This is something that happened to me recently. I was working on my private projects and was playing around with different Amazon Web Services. I had one service deployed on Amazon Elastic Container Service (ECS). One morning when I woke up and looked at my phone, I was shocked. I got about ten budget warnings per mail! My budget was exceeded during the night.
So, what happened?
When I first deployed my Spring Boot service on ECS, it was not working. Therefore, I enabled CloudWatch Logs in my ECS Cluster to be able to debug the problems during startup.
In the end, the service was in a redeploy loop because the health check grace period was too low. Whenever the service was deployed, the Application Load Balancer almost immediately started to perform its health checks. The service did not answer with a successful response because it was still in the startup process. Therefore, the status of the service was set to unhealthy. The consequence of this was that the service got undeployed, and a new service got deployed.
I did not disable CloudWatch logs because we get the first 5GB of log ingestion for free, and it might help with upcoming issues. 5GB of logs for one service is a lot, right? Yes, indeed. But not in my case. I had a bug in my service that resulted in an endless loop that would log the same exception over and over again. This resulted in 238GB of useless logs! The costs are 159.79$ for literally nothing.
I logged in to my AWS Account and immediately stopped the service. Then I looked at the logs and recognized what was wrong. I deleted the logs and fixed the bug. It was just one line that was wrong. It had been added just before going to bed the day before.
With a faster instance on ECS, this could have gotten much worse! I was using a Fargate Spot instance with 0.5vCPUs. I can't imagine how many GBs could have been created with a stronger instance.
How to prevent this?
Don't commit and deploy stuff and go to bed or leave the office. Do you have static code analysis and automated tests? Are you confident that the upgrade works just fine? It would be best if you take the time to verify it manually. Look at the logs manually if you don't have an automated log analysis. In my case, just 5 minutes of my time could have saved me 159.79$ and a stressful morning.
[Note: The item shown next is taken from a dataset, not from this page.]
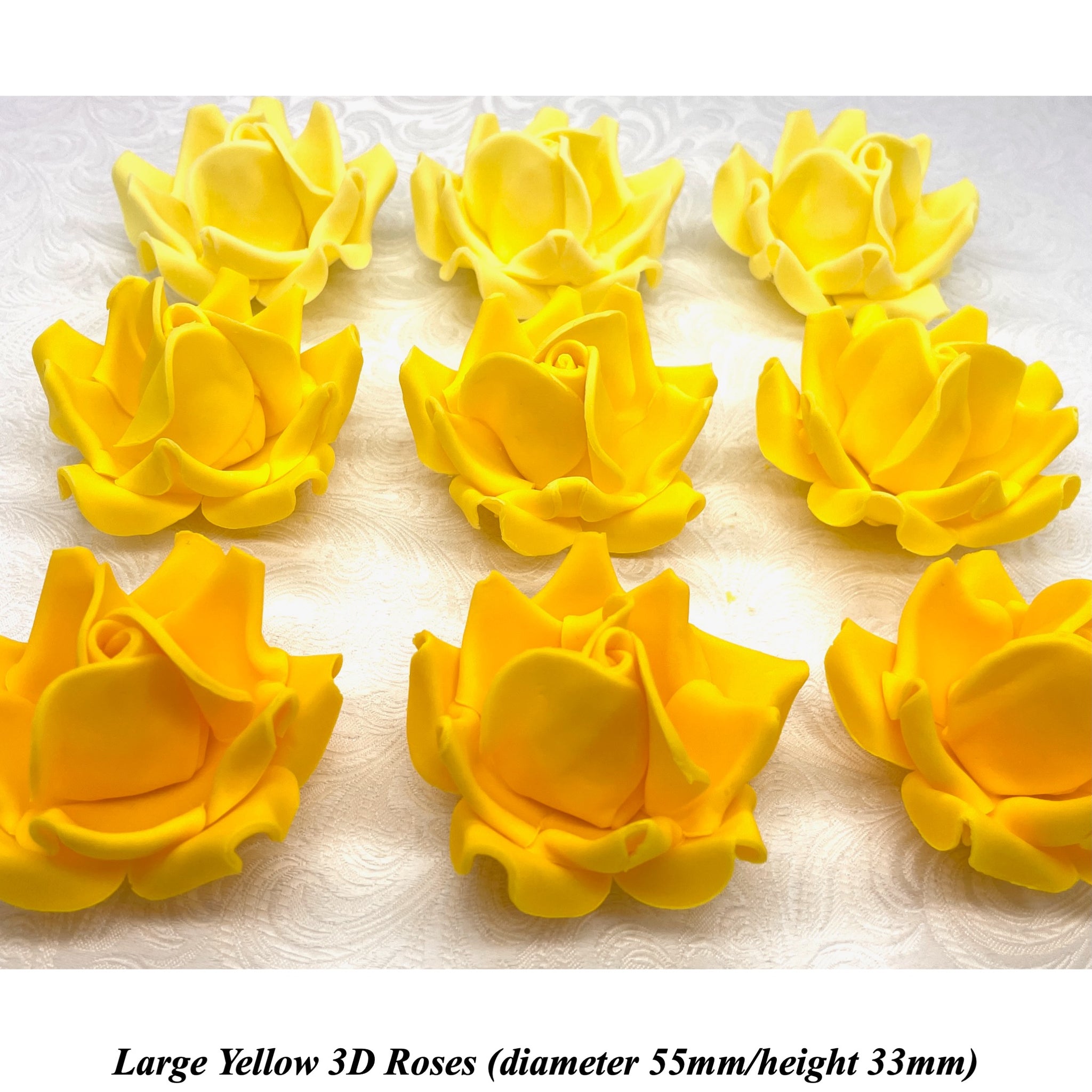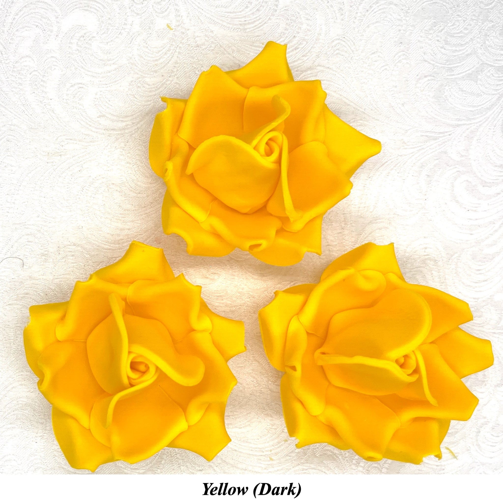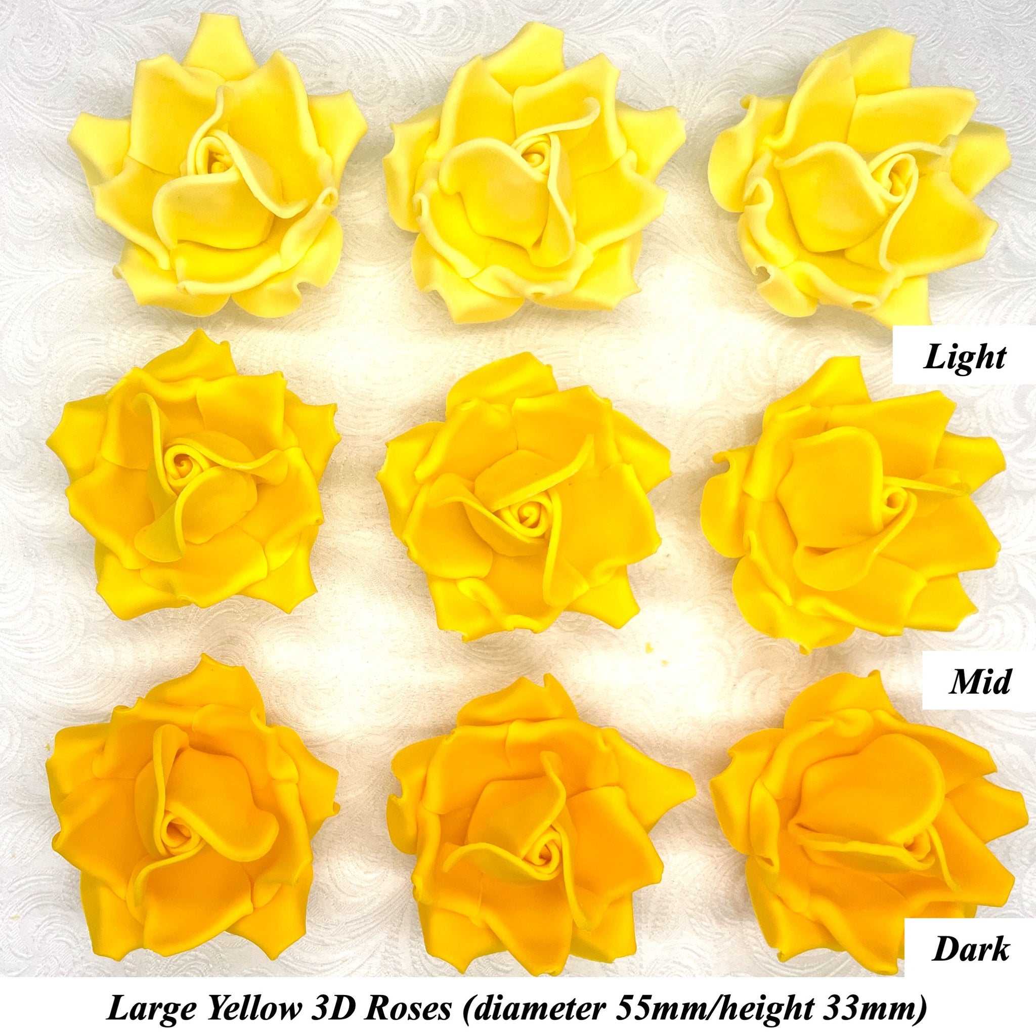 This listing is for Large 3D Sugar Roses in Yellow/Light, Yellow/Mid or Yellow/Dark shades.

Always make sure to stay within your free tier limit of all AWS services if you don't want to get high expenses. Unfortunately, there is no cost limit in AWS. You can and should create budgets with alerts. This does not prevent the cost explosion, but it might help react in a reasonable time and keep the costs to a minimum. Details about AWS Budgets can be found here.
It is also recommended to enable AWS Cost Anomaly Detection and create a cost monitor. It will notify you about any detected cost anomalies that exceed the configured threshold. Details about AWS Cost Anomaly Detection and how to create a cost monitor can be found here.
Another helpful measure could be CloudWatch itself. You can create Billing Alarms that notify you when your estimated charges exceed some configured threshold. A step-by-step guide on how to create a billing alarm using CloudWatch can be found here.
Note that all those measures do not stop any services. They just notify you, and you need to manually fix the problem or stop the service that incurs the charges.
I learned the hard way that I was too confident when deploying small changes.
Trust is good control is better - Vladimir Lenin
In the future, I am going to verify manually that all my automated checks are working correctly and there are no obvious issues with the deployment. I also disabled CloudWatch log ingestion in my ECS Cluster for now.
I had no Billing Alarms configured, and my cost monitor was not configured correctly. I have updated everything, and next time I should get notified much earlier.
Update 29.06.2022: Amazon refunded the charges for CloudWatch after I reached out to them and explained the situation. The support was excellent.